Shelter in Place, by Nora Roberts

>> Sunday, June 17, 2018

TITLE: Shelter in Place
AUTHOR: Nora Roberts

PAGES: 438
PUBLISHER: St. Martin's

SETTING: Contemporary US
TYPE: Romantic Suspense

It was a typical evening at a mall outside Portland, Maine. Three teenage friends waited for the movie to start. A boy flirted with the girl selling sunglasses. Mothers and children shopped together, and the manager at video game store tended to customers. Then the shooters arrived.

The chaos and carnage lasted only eight minutes before the killers were taken down. But for those who lived through it, the effects would last forever. In the years that followed, one would dedicate himself to a law enforcement career. Another would close herself off, trying to bury the memory of huddling in a ladies' room, helplessly clutching her cell phone--until she finally found a way to pour her emotions into her art.

But one person wasn't satisfied with the shockingly high death toll at the DownEast Mall. And as the survivors slowly heal, find shelter, and rebuild, they will discover that another conspirator is lying in wait--and this time, there might be nowhere safe to hide.
Shelter in Place starts with a truly horrific scene. A packed shopping mall and cinema, full of teenagers and kids and their parents. Three young men armed to the teeth. When they're done, many, many people are dead, including the three gunmen.

Our protagonists were amongst the many people caught up in the shooting. Sixteen-year-old Simone Knox was at the cinema with her two best friends, while Reed Quartermaine was taking a quick break from his job at a restaurant in the mall. After the shooting, they try to rebuild their lives and move on from the tragedy, as do many others.

Except for one person, for whom the shooting was not quite enough. And they are determined to finish the job that, as far as they're concerned, the gunmen botched.

So, this was a bit of a strange one. It started out as something that felt quite different to other Nora Roberts romantic suspense. Not just the subject matter, but the way it felt. Given that the first book in her latest trilogy (Year One, which I hope to review soon) was quite a departure for her, I thought we might be getting another new direction. And, much as I do like the "usual" NR, I got quite excited about that.

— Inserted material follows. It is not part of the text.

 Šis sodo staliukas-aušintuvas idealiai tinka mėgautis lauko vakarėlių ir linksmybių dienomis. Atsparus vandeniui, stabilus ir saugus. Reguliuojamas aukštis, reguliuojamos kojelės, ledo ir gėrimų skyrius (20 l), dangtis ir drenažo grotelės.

But then the book soon returned to familiar patterns. There's the rest of the first half, where we see both Reed and Simone grow up, while the villain does their thing in the background. That felt very reminiscent of books like Blue Smoke, for instance. And then the present-day second half is a bit like Northern Lights, with Reed moving to an isolated small community to become Chief of Police. And there was a lot of time spent with the villain, following along as they killed more and more people, which Nora has done quite a few times (e.g. the first one I thought about, Thankless in Death).

So it turned out to be all pretty familiar. Which is no bad thing, really! I liked the romance quite a bit, with Reed and Simone feeling very well-suited to each other. There's not a hell of a lot of internal tension there, as they seem to click fine from the start and are clearly both on the same page on their relationship throughout, but their low-conflict relationship still managed to keep my attention engaged.

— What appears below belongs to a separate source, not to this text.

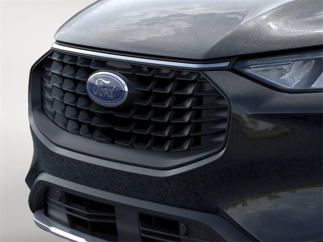 Cold Weather Package (Heated Front Row Seats, Heated Sideview Mirrors, Heated Steering Wheel, and Remote Starter System), Equipment Group 200A (3.81 Axle Ratio, 4-Way Manual Front Passenger Seat, 6-Way Manual Driver Seat, Ford App, Radio: AM/FM Stereo with SiriusXM 360L, SYNC 4, Unique Cloth Front Bucket Seats, and Wheels: 17" Shadow Silver-Painted Aluminum), 4-Wheel Disc Brakes, 6 Speakers, ABS brakes, Air Conditioning, Alloy wheels, AM/FM radio: SiriusXM 360L, Auto High-beam Headlights, Automatic temperature control, Brake assist, Bumpers: body-color, Compass, Delay-off headlights, Driver door bin, Driver vanity mirror, Dual front impact airbags, Dual front side impact airbags, Electronic Stability Control, Emergency communication system: SYNC 4 911 Assist, Four wheel independent suspension, Front anti-roll bar, Front Bucket Seats, Front Center Armrest, Front dual zone A/C, Front License Plate Bracket, Front reading lights, Fully automatic headlights, Illuminated entry, Knee airbag, Low tire pressure warning, Occupant sensing airbag, Outside temperature display, Overhead airbag, Overhead console, Panic alarm, Passenger door bin, Passenger vanity mirror, Power door mirrors, Power Liftgate, Power steering, Power windows, Radio data system, Rear anti-roll bar, Rear reading lights, Rear seat center armrest, Rear window defroster, Rear window wiper, Remote keyless entry, Speed control, Speed-sensing steering, Speed-Sensitive Wipers, Split folding rear seat, Spoiler, Steering wheel mounted audio controls, Tachometer, Telescoping steering wheel, Tilt steering wheel, Traction control, Trip computer, and Variably intermittent wipers. 2026 Ford Escape 1.5L EcoBoost Agate Black Metallic

I also liked the family elements, particularly Simone's difficult relationship with her parents and sister and her almost sisterly relationship with her grandma, Cici. Cici was fun, even if, to be honest, in real life she'd probably annoy me as much as she would delight me (the fact that she always smells faintly of weed made me laugh, but euww, I hate that smell!).

The suspense was not awful, but really not great, either. The villain is of the crazy psycho variety, and I just find it hard to work up too much interest in that sort of character. And they seemed unrealistically good at getting away with mayhem. There seemed to be nothing they couldn't do, nobody they couldn't get to. Meh.

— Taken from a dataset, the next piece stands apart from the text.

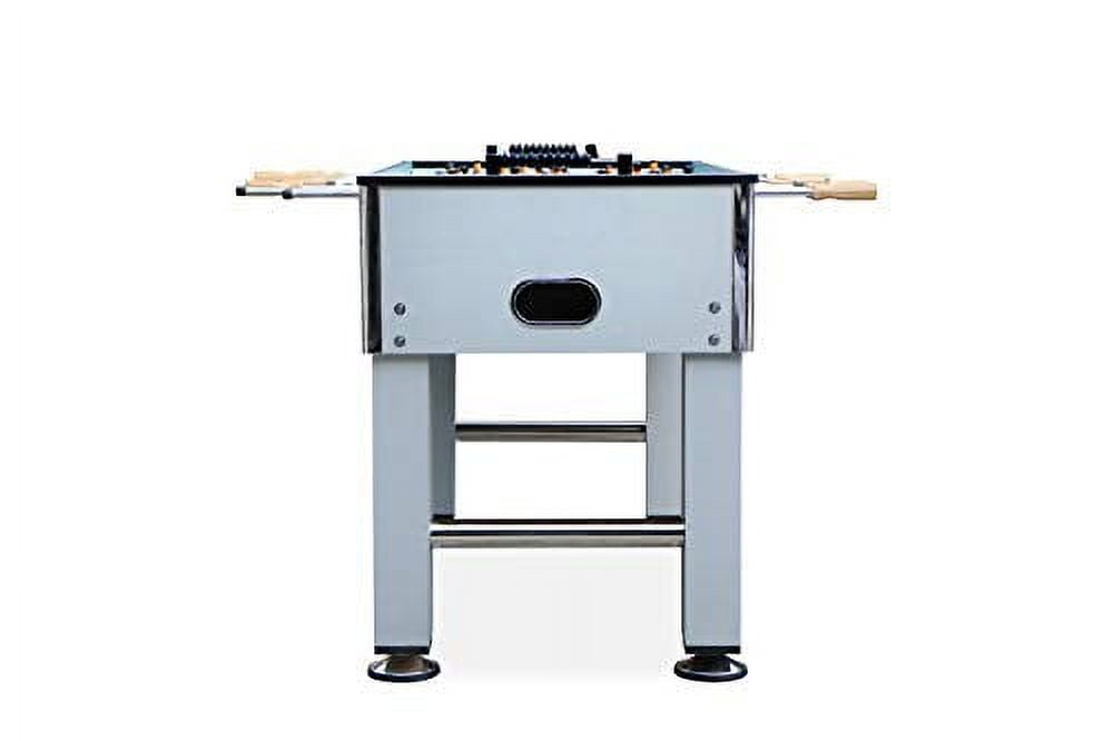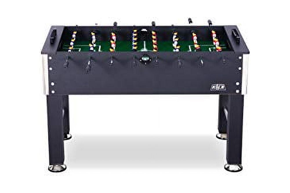 $369.67About the KICK Voyager 55″ Foosball Table: The KICK Voyager 55″ Foosball Table is the perfect choice for foosball enthusiasts seeking style and precision. With a sleek black and silver design, this table ensures stability through integrated leg bars and adjustable levelers, guaranteeing a perfectly straight playing surface on any floor. The 1/2″ thick playing field provides an intense gaming experience, coupled with semi-solid stainless-steel rods for precise ball control. Easy-Grip Black ABS ergonomic handles offer a secure hold, even for those with sweaty palms. The table accommodates both 1-man and 3-man goalie configurations, allowing players to customize their gameplay. With a focus on aesthetics, stability, and performance, the KICK Voyager delivers an exceptional foosball experience for Adults, Kids, Professionals, Beginners, and everyone using this table.

I also did wonder why Reed had not tried warning potential victims much, much earlier... years earlier, really, even before he knew who the culprit was. He knew who these people were and they were few enough in number that he could set up an alert to be notified whenever something police-related went down with any of them. So surely he could have contacted them and told them to be on their guard? Yes, it would be hard to be on their guard about everything, all the time, but even when he knew about the culprit, he did not make sure to let the potential victims know either. (Actually, something else that felt a bit off was that the entire country was not completely obsessed by the case when it became clear what was going on.)

Finally, the other thing that felt a bit weird was that there was no mention at all of gun control. It's all down to the shooters and the crazy-psycho villain. That feels quite tone-deaf at the moment. I suppose this will have been written a while ago, but still, that discussion has been going on for quite a long time. I get that wading into the whole gun control issue would likely offend quite a few readers, but at this point, not acknowledging the issue at all with a plot like this doesn't feel like the author being neutral, it feels like taking a particular side (and one which I'm not sure Roberts supports, given her vision of the future in the In Death series).

So, an enjoyable book, but nowhere near prime Nora.

MY GRADE: A B, I guess.


Barb in Maryland 17 June 2018 at 22:41  

I agree, not Prime Nora. But I liked it better than her last few stand-alones, so your grade is about what I gave it.
About the gun control--you're right. It only gets referenced in a sideways manner, when current day shooter's victims include several people who made very public campaigns in favor of tighter controls.

It is so good to see your reviews again. And your new city looks fascinating.

Rosario 26 June 2018 at 06:27  

Exactly! And I agree this was better than the previous couple of books, so maybe she's on the way up again? I can only hope.